A problem, arises, however, when we wish to compare patient scores on different global health instruments. Comparison is challenging because of differences in the question (or item) content, the response options, and scoring rules. We need a common metric to compare scores. Converting scores from each sample to percentile ranks or z-scores produces instruments with comparable units, but the resulting metric would be sensitive to the peculiarities of each sample, such as the size, restricted range, and the distribution of scores (e.g., skewed vs. normal).11 The instruments can also differ in terms of coverage with respect to the levels of health and dysfunction being assessed. For these reasons, it is desirable to conduct a “linking” study in which a large sample of participants responds to questions from both instruments. With such a design, it may be possible to align the scores on different measures to a common metric with greater accuracy.12

Recognizing this issue, the National Cancer Institute funded the PROsetta Stone® project (www.prosettastone.org) to align scores from many outcome instruments.13 We report here on the results conducted as part of this project to link the VR-12 scores to the PROMIS Global Health metric. PROMIS Global Health is a 10-item questionnaire that assesses self-reported overall health.4 , It was recently developed as part of the PROMIS initiative (www.nihpromis.org), which utilized state-of-the-science qualitative and quantitative methods.14,15 An example of a PROMIS Global Health item is, “In general, how would you rate your mental health, including your mood and your ability to think?”

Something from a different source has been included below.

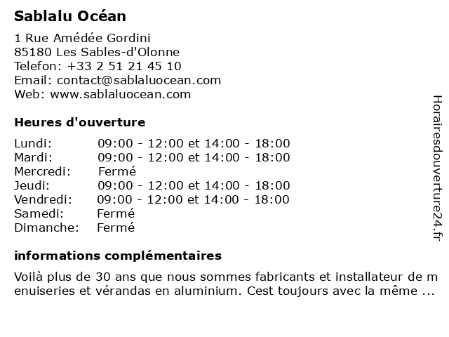 | Lundi | 09:00-12:00 et 14:00-18:00 |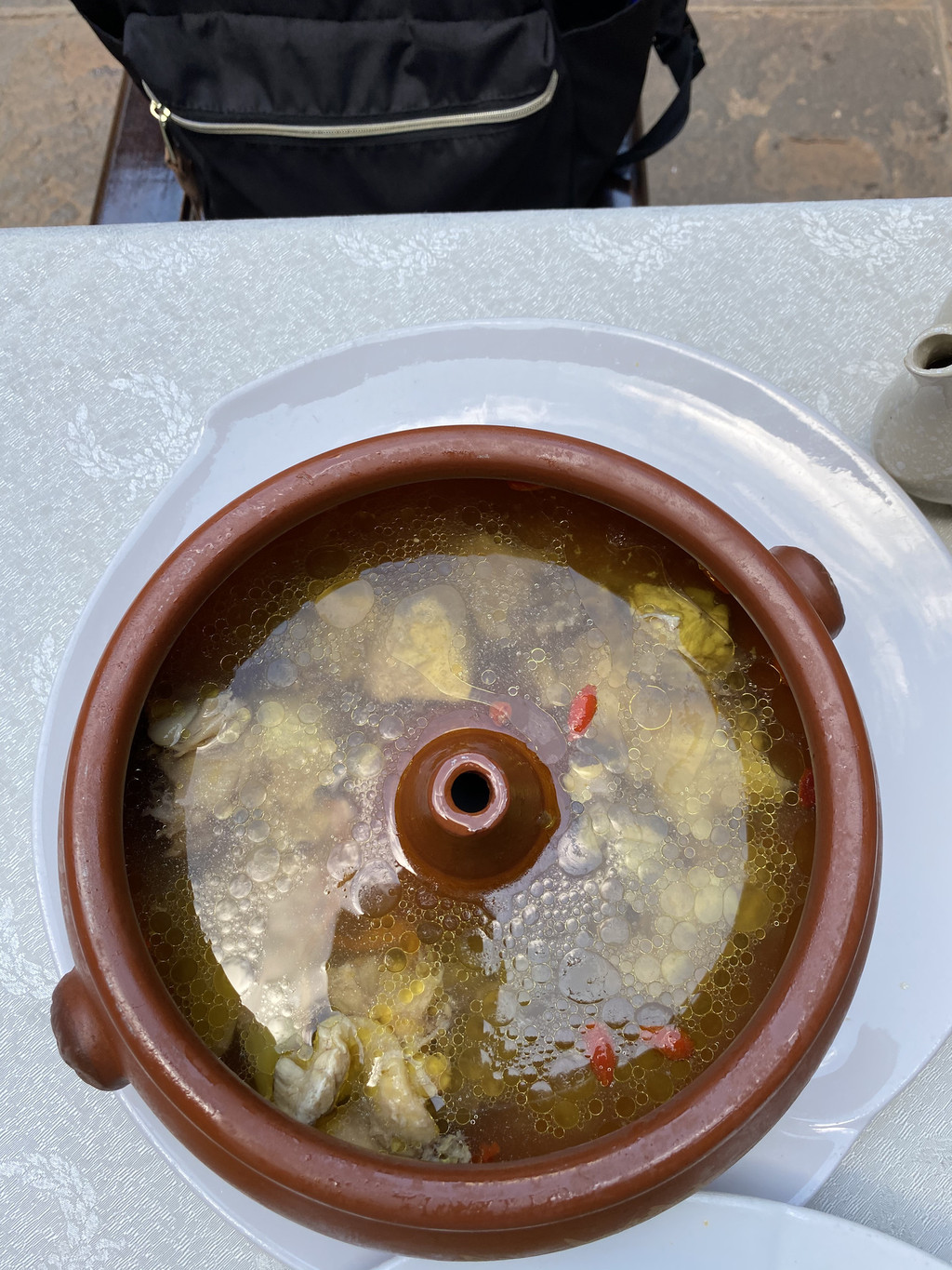 进入6月云南省开始大量食用新鲜野生菌,来昆明旅游不可错过吃菌子,不过吃菌有风险,需慎重。既然是旅游就是为了品尝一下,买了2人套餐。不知道是否因为是端午节,送了4个粽子、2个咸鸭蛋、3盘水果、4晚糖水等小菜,嫩鸡做汤底,18分钟大火煮黄牛肝菌、青头菌、黄罗伞、红乳牛肝菌,浓郁的菌香冲击着鼻腔,打开味蕾,吃个肚胀肠满。

The VR-12 is a short-form version of the Veterans RAND 36-Item Health Survey (VR-36), which was developed and modified from the RAND-36 v1.0 (MOS SF-36).58,10,16 The VR-12 is freely available from the principal developers and is included in an ongoing evaluation of the CMS Medicare Advantage program.17 The VR-12 is also included in the Ambulatory Care Survey of Healthcare Experiences of Patients (SHEP), sponsored by the Veterans Health Administration.10 The VR-12 and the longer VR-36 have been administered approximately 7 million times over the past 15 years, and are represented in the literature by over 150 published articles.9

We linked items from the VR-12 on the PROMIS Global Health scale. Once linked, cross-walk charts for these measures were created such that scores on one instrument were matched with corresponding scores on the other.

METHOD

Measures

PROMIS Global Health

The PROMIS Global Health instrument produces two scores—the Global Physical Health (GPH) and Global Mental Health (GMH)—which are each based on four items. The GPH scale comprises items on physical health, physical functioning, pain intensity, and fatigue. The GMH scale includes items on overall quality of life, mental health, satisfaction with social activities and relationships, and emotional problems. GPH and GMH items were calibrated using the graded response model (GRM).18 The GRM estimates parameters representing item location (level of health) and discrimination (ability to distinguish people at different levels of health). The scores were centered on the 2000 US Census with respect to age, sex, education, and race-ethnicity.4,19 The scores are on a T-score metric that has a mean of 50 and standard deviation of 10. Two PROMIS Global items (general health and social roles) are not used to score the GPH or GMH.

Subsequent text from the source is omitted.